Terttu Nevalainen - Terttu is the Director of the VARIENG Research Unit. Her research interests include historical sociolinguistics, variation studies, corpus linguistics and digital humanities. She is one of the designers and compilers of the Helsinki Corpus of English Texts and of the Corpus of Early English Correspondence.

Turo Hiltunen - Turo Hiltunen works as senior lecturer in English at the Department of Languages, University of Helsinki, Finland. His research interests include corpus linguistics and register analysis, and the grammatical and phraseological variation of scientific English past and present, compilation of specialised corpora, and democratisation in the context of parliamentary discourse.

Aatu Liimatta - Aatu Liimatta is researching register variation on social media for his PhD. His interests include register and functional variation, computational methods, and big linguistic data.

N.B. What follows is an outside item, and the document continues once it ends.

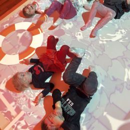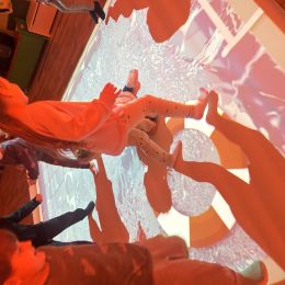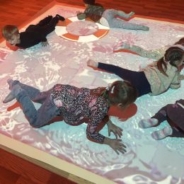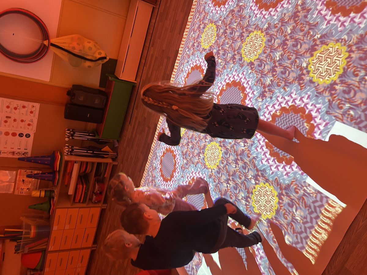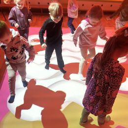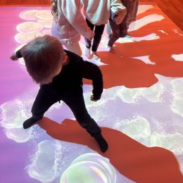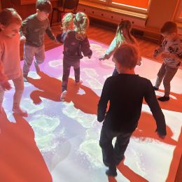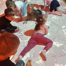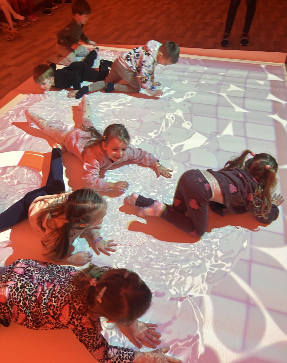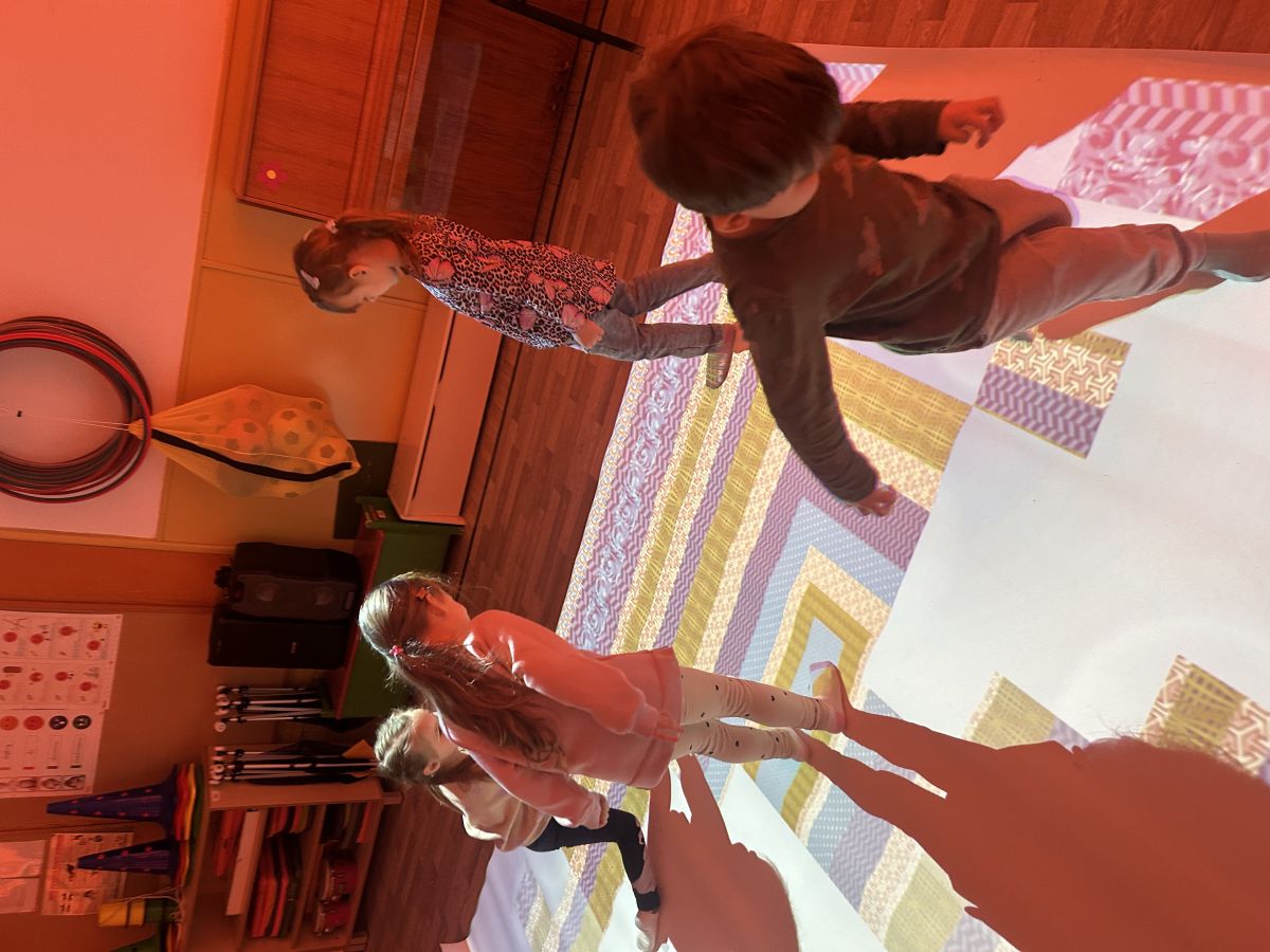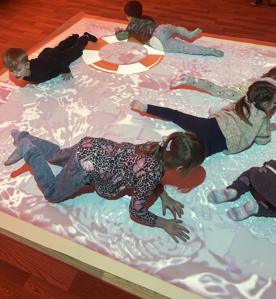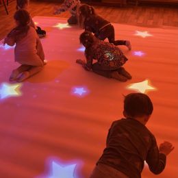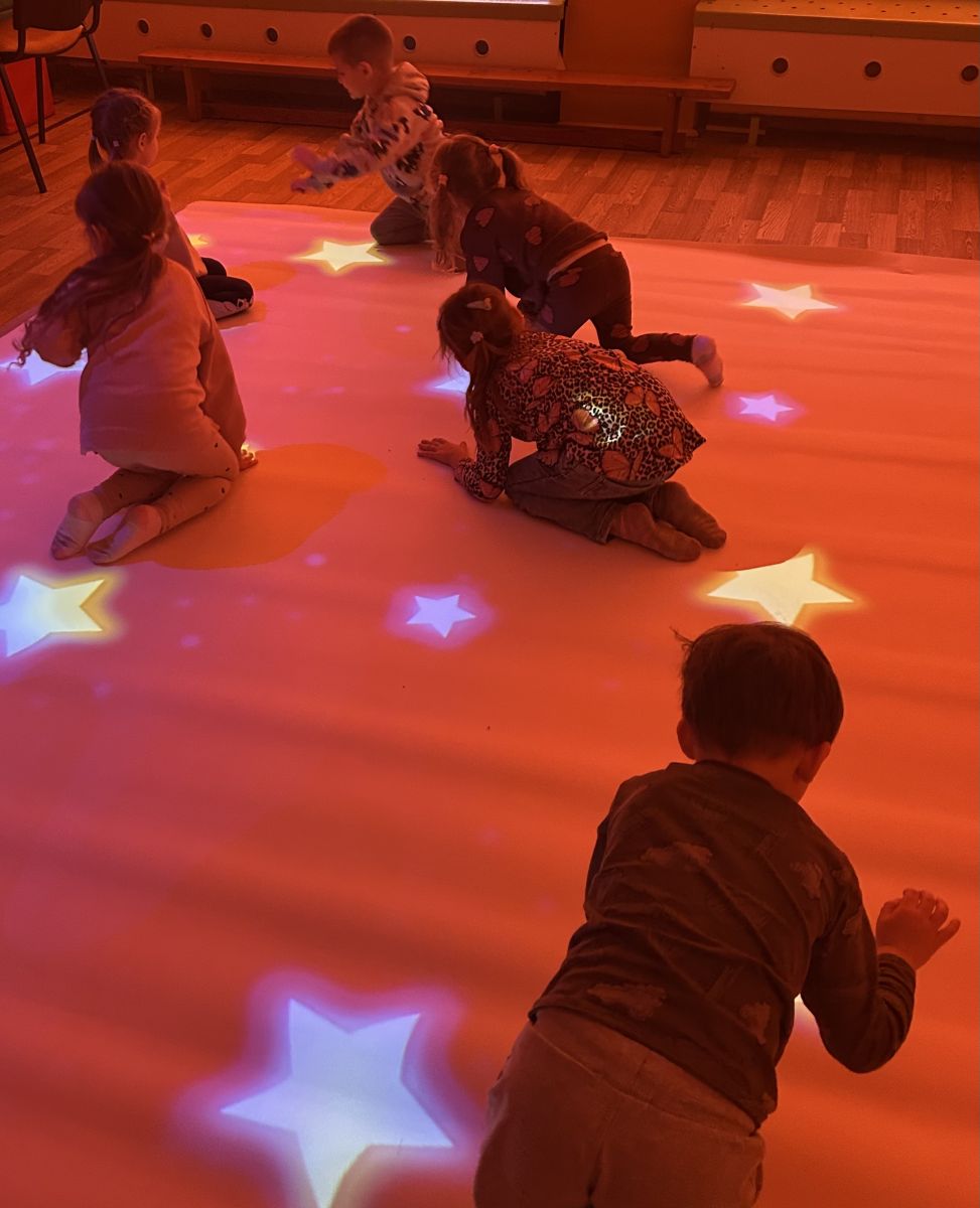 ✨ Zabawy z interaktywną podłogąDzieci zbijały wirtualne bańki, „pływały” w basenie, zapalały gwiazdy, ćwiczyły refleks oraz spostrzegawczość poprzez ruch i zabawę.

Title: Introducing the VARIENG research unit in Helsinki


Our presentation falls into three parts. It begins with Terttu’s brief introduction to the Research Unit for Variation, Contacts and Change in English (VARIENG), its past, present and future, and its current open-access resources. In addition, the talk presents two short cases studies touching on the methodology of corpus linguistics from different perspectives. The first one (by Turo) discusses how the availability of massive text archives may hold great promise for corpus linguistic work, but they may also present considerable methodological challenges for users (see e.g. Hiltunen, McVeigh, and Säily 2017). In focus here are some specific problems related to the diachronic British Library Newspapers database, and how those problems might be addressed in the context of register analysis and the study of linguistic variation. The second case study (by Aatu) looks into the role of text length in register-internal variation by analyzing a big data sample of social media comments. Different registers seem to exhibit different kinds of internal functional variation by text length (as shown by the illustration).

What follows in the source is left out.